### Instructions for the task
Below are the entries. Print only the lines starting at the one with "The DDS signal" and ending at the one with "Anhänger in Surfboard-Form", exactly, with no pictures.

### Provided data
━━━━━━
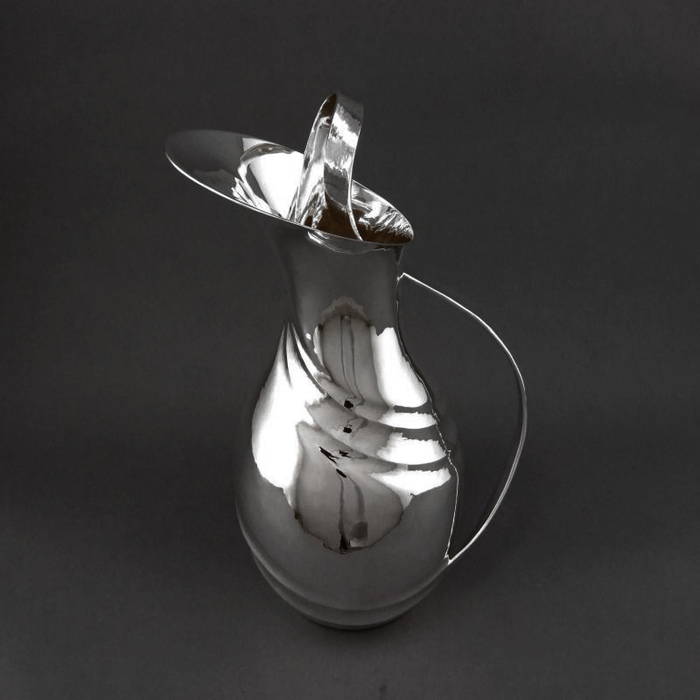 An unique Britannia silver jug, chased and planished pattern with handle that flows from the base, pierces the neck & loops over to the top lip.
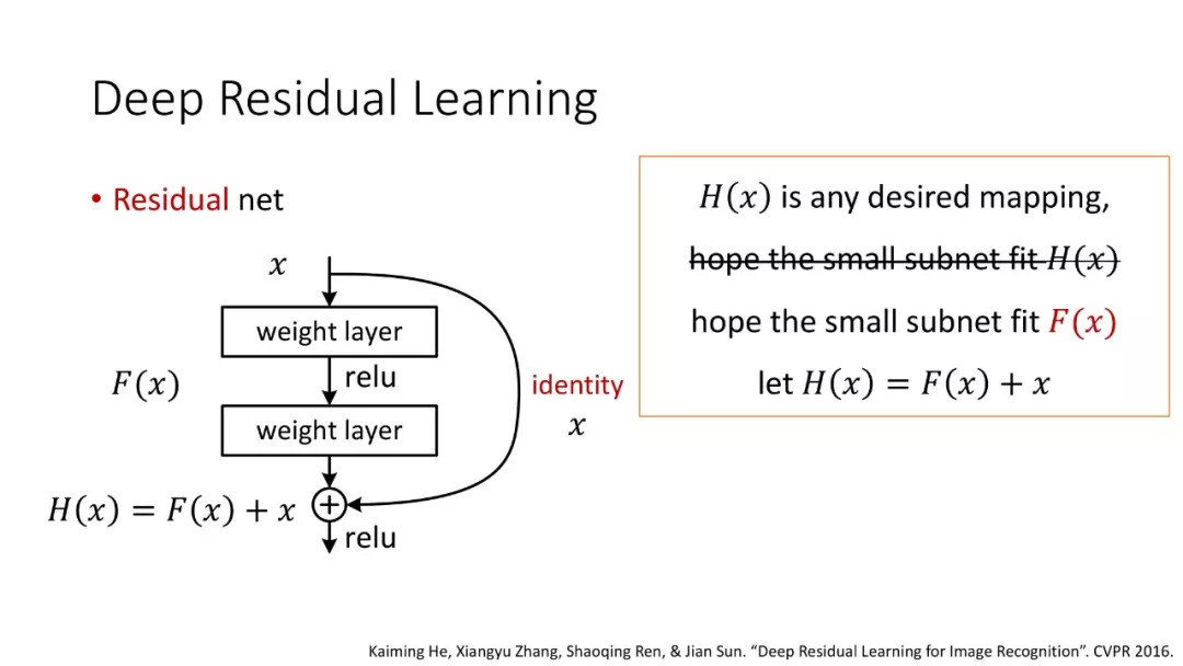 同样,H(x) 是任何想要的映射,但我们希望subnet符合F(x),即
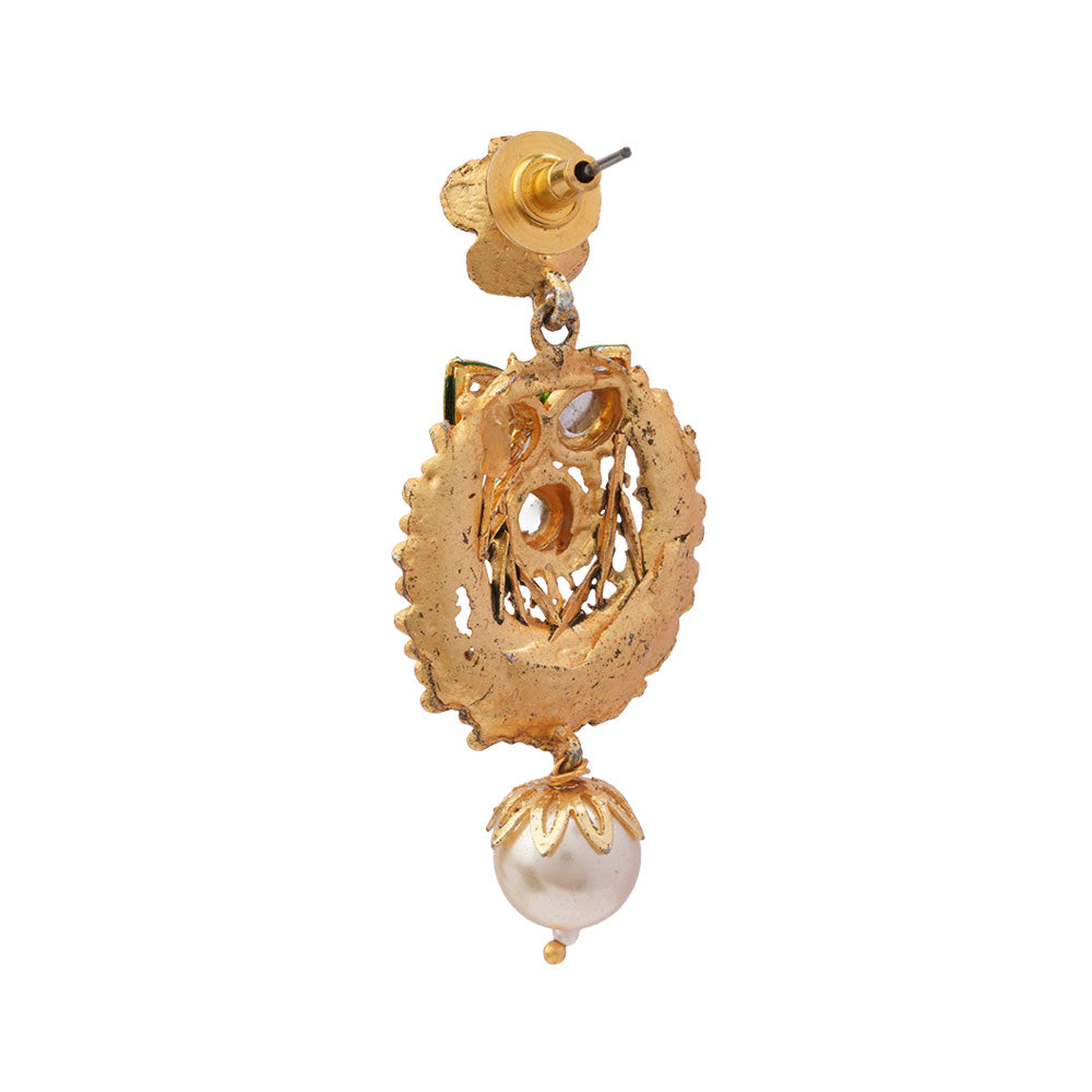 Tanirika- Stone Studded Hanging Pearl Dangler Earrings(White)
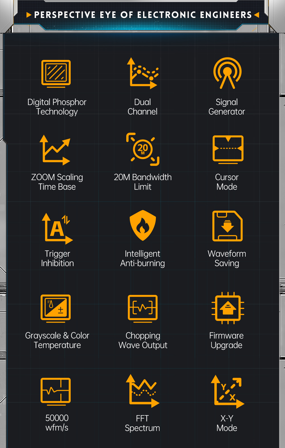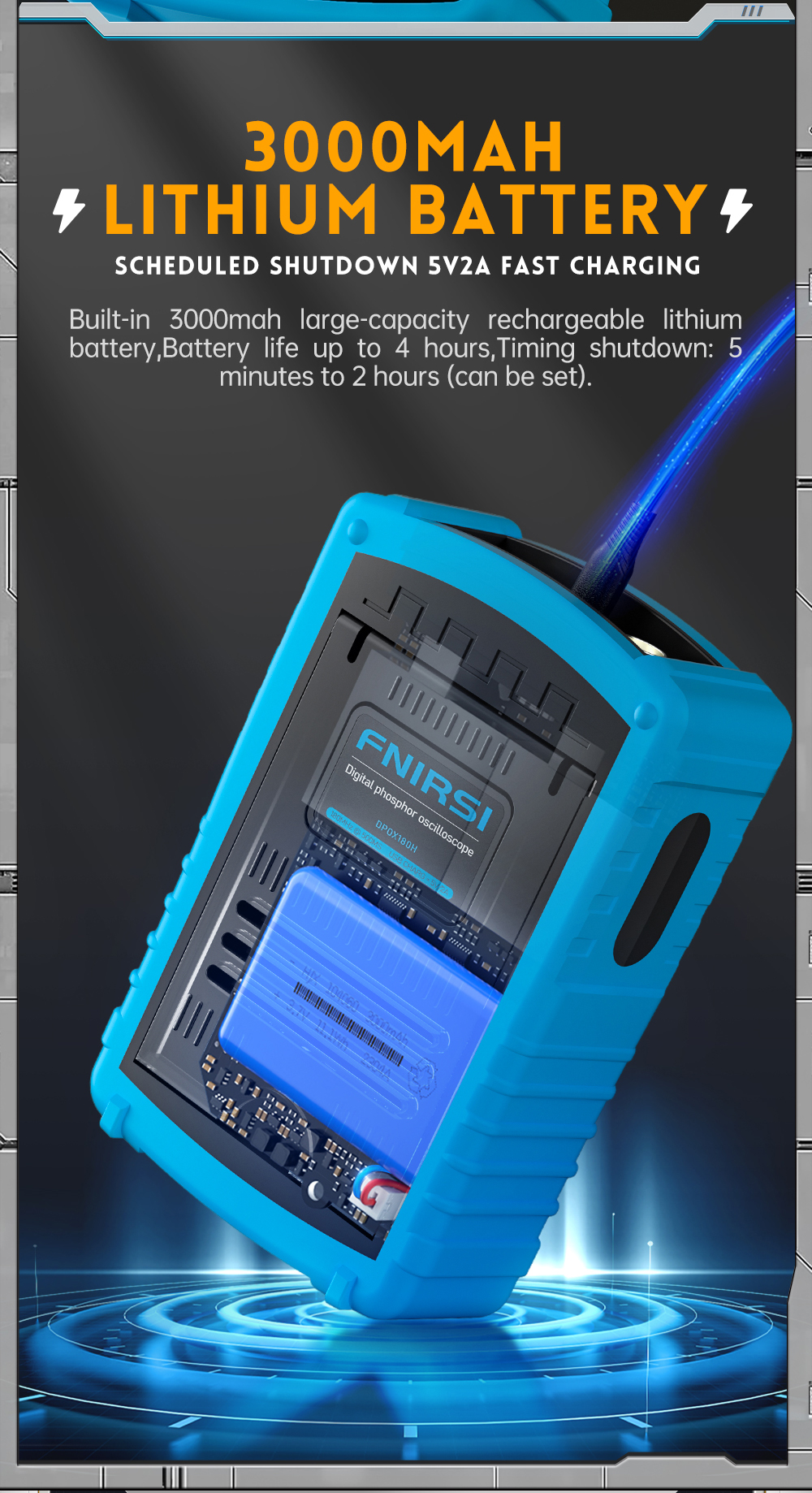The DDS signal generator has 14 kinds of function signal waveforms and a free-customized chopping waveform. The frequency of the sine wave can reach 20MHz, and the other waveforms can reach 10MHz. The original chopping output function can store up to 500 customized signals. It has three time base modes of YT, XY and rolling. Manual cursor measurement is suitable for measurements with large noise signals. Efficient one-button automatic adjustment, adaptive 25%, 50%, 75% electric level trigger, it only takes 2 seconds to measure 1VPP/1KHz. Save waveforms and screenshots with one key, up to 250 sets of waveform data or 90 pictures can be stored, and 500 intercepted wave data can be stored at the same time. The data browser can browse and view the currently saved waveform data and pictures, and the waveform data supports operations such as zooming and moving. High voltage anti-burning protection, all gears can withstand high voltage up to 400V. USB data export and you can connect it to a computer to copy picture files, and you can also copy system files to the oscilloscope for system upgrades. 5V 2A fast charging and 1 hour can charge to 80%.
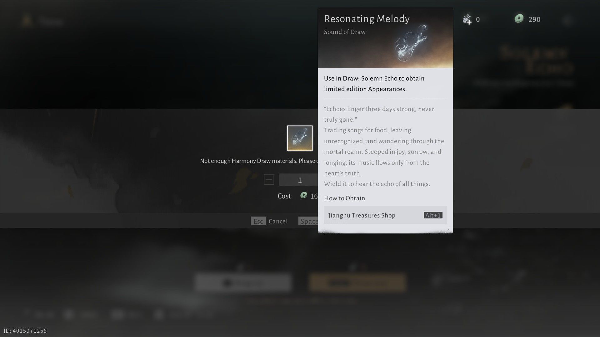 Okay, so I noticed in the Jianghu Treasures shop that Lingering Melodies are 200 Echo Jades, but Resonant Melodies are cheaper at just 160. Just a heads-up though – there’s a limit to how many Lingering Melodies you can actually buy, so keep that in mind!
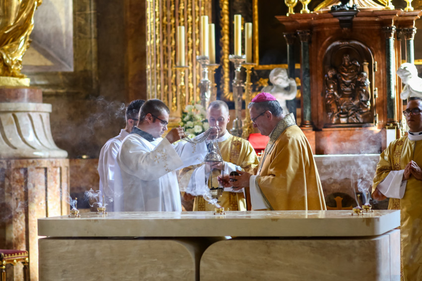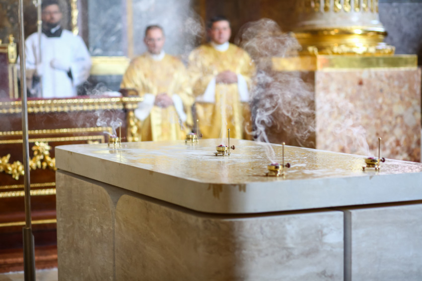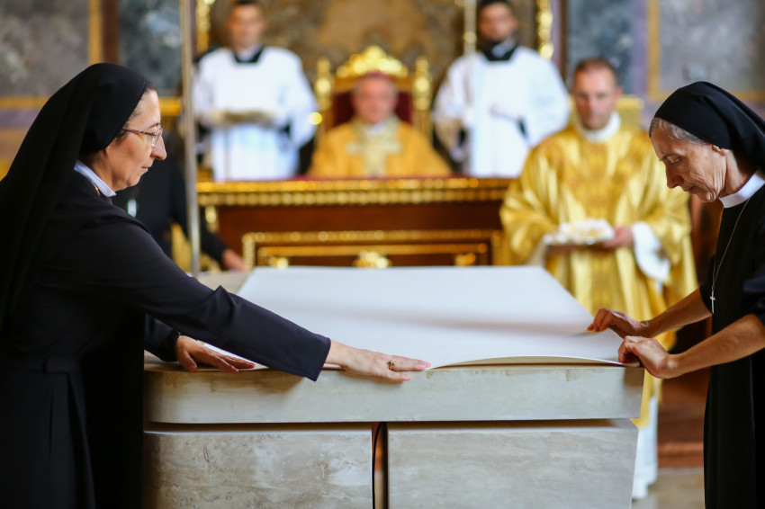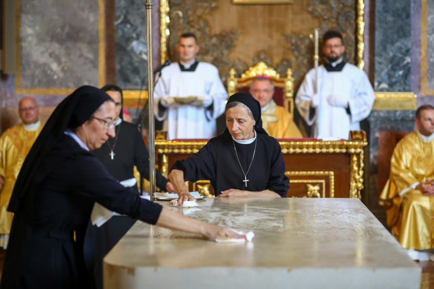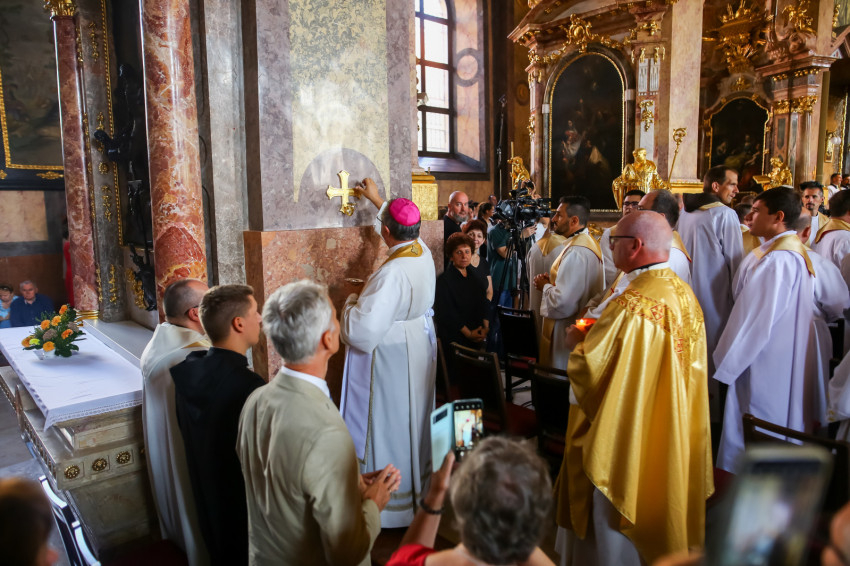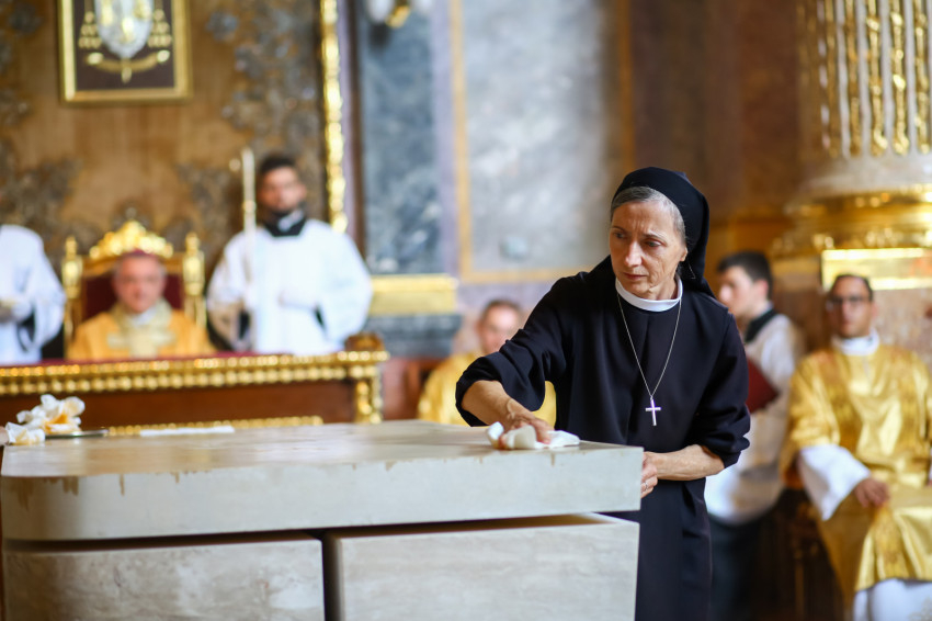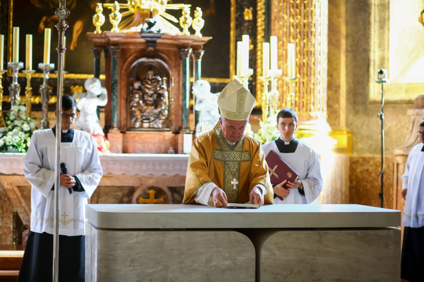 Ezt követően elhelyezték az oltárban az ereklyéket. A győri megyéspüspök az oltárnál állva mondta el a felszentelő imát, majd megkente olajjal az oltárt.
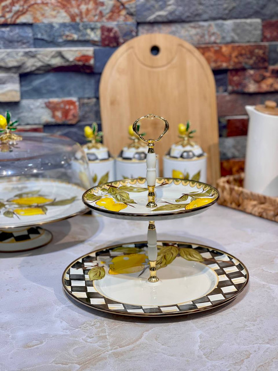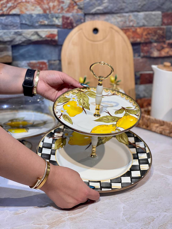 شیرینی خوری دو طبقه لعابی طرح لیمو linda برند miss betty ترکیه
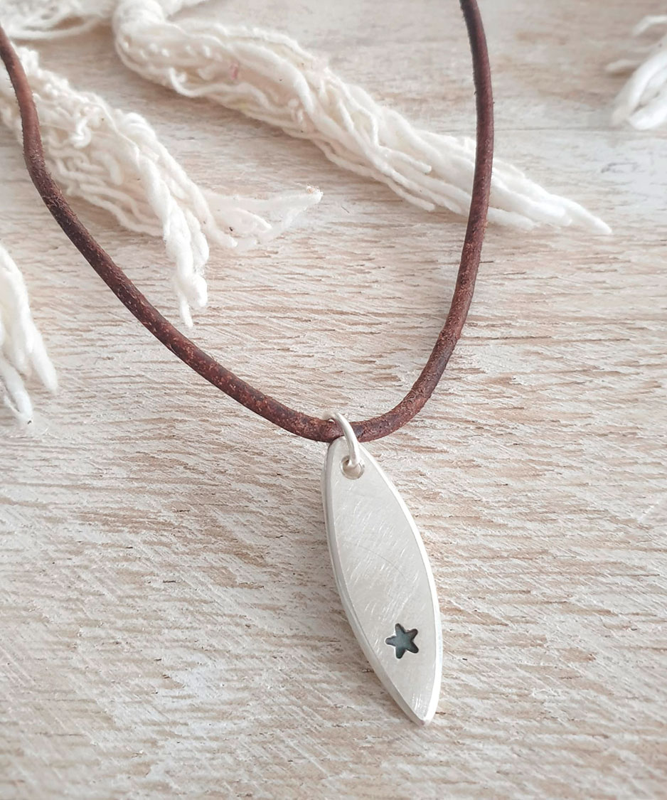 Anhänger in Surfboard-Form mit dem Sujet «Kleiner Stern» an Lederband
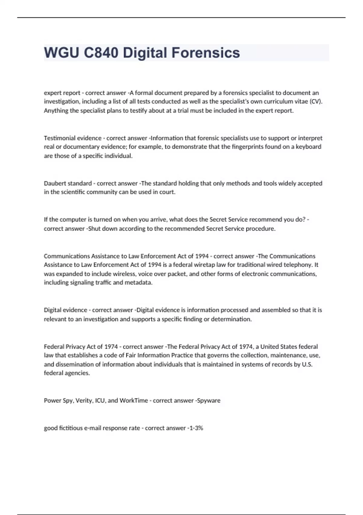 expert report A formal document prepared by a forensics specialist to document an investigation, including a list of all tests conducted as well as the specialist's own curriculum vitae (CV). Anything the specialist plans to testify about at a trial must be included in the expert report. Testimonial evidence Information that forensic specialists use to support or interpret real or documentary evidence; for example, to demonstrate that the fingerprints found on a keyboard are those of a specific individual. Daubert standard The standard holding that only methods and tools widely accepted in the scientific community can be used in court. If the computer is turned on when you arrive, what does the Secret Service recommend you do? Shut down according to the recommended Secret Service procedure. Communications Assistance to Law Enforcement Act of 1994 The Communications Assistance to Law Enforcement Act of 1994 is a federal wiretap law for traditional wired telephony. It was expanded to include wireless, voice over packet, and other forms of electronic communications, including signaling traffic and metadata. Digital evidence Digital evidence is information processed and assembled so that it is relevant to an investigation and supports a specific finding or determination. Federal Privacy Act of 1974 The Federal Privacy Act of 1974, a United States federal law that establishes a code of Fair Information Practice that governs the collection, maintenance, use, and dissemination of information about individuals that is maintained in systems of records by U.S. federal agencies. Power Spy, Verity, ICU, and WorkTime Spyware good fictitious e-mail response rate 1-3% Which crime is most likely to leave e-mail evidence? Cyberstalking
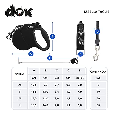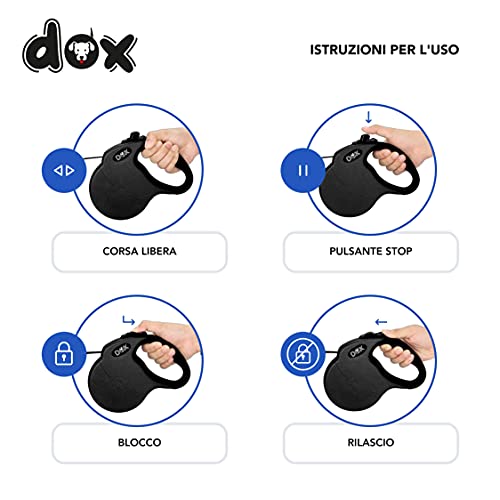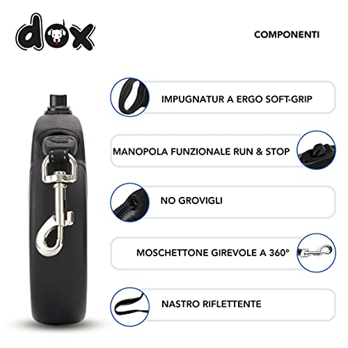DDOXX Guinzaglio Retrattile Per Cani Con Cinghia Riflettente, Adatto A Cani Di Piccola, Media E Grande Taglia, Lunghezza 5 Metri, Fino A 20 Kg, Colore Nero.
━━━━━━
### Solution below
The DDS signal generator has 14 kinds of function signal waveforms and a free-customized chopping waveform. The frequency of the sine wave can reach 20MHz, and the other waveforms can reach 10MHz. The original chopping output function can store up to 500 customized signals. It has three time base modes of YT, XY and rolling. Manual cursor measurement is suitable for measurements with large noise signals. Efficient one-button automatic adjustment, adaptive 25%, 50%, 75% electric level trigger, it only takes 2 seconds to measure 1VPP/1KHz. Save waveforms and screenshots with one key, up to 250 sets of waveform data or 90 pictures can be stored, and 500 intercepted wave data can be stored at the same time. The data browser can browse and view the currently saved waveform data and pictures, and the waveform data supports operations such as zooming and moving. High voltage anti-burning protection, all gears can withstand high voltage up to 400V. USB data export and you can connect it to a computer to copy picture files, and you can also copy system files to the oscilloscope for system upgrades. 5V 2A fast charging and 1 hour can charge to 80%.
 Okay, so I noticed in the Jianghu Treasures shop that Lingering Melodies are 200 Echo Jades, but Resonant Melodies are cheaper at just 160. Just a heads-up though – there’s a limit to how many Lingering Melodies you can actually buy, so keep that in mind!
 Ezt követően elhelyezték az oltárban az ereklyéket. A győri megyéspüspök az oltárnál állva mondta el a felszentelő imát, majd megkente olajjal az oltárt.
 شیرینی خوری دو طبقه لعابی طرح لیمو linda برند miss betty ترکیه
 Anhänger in Surfboard-Form mit dem Sujet «Kleiner Stern» an Lederband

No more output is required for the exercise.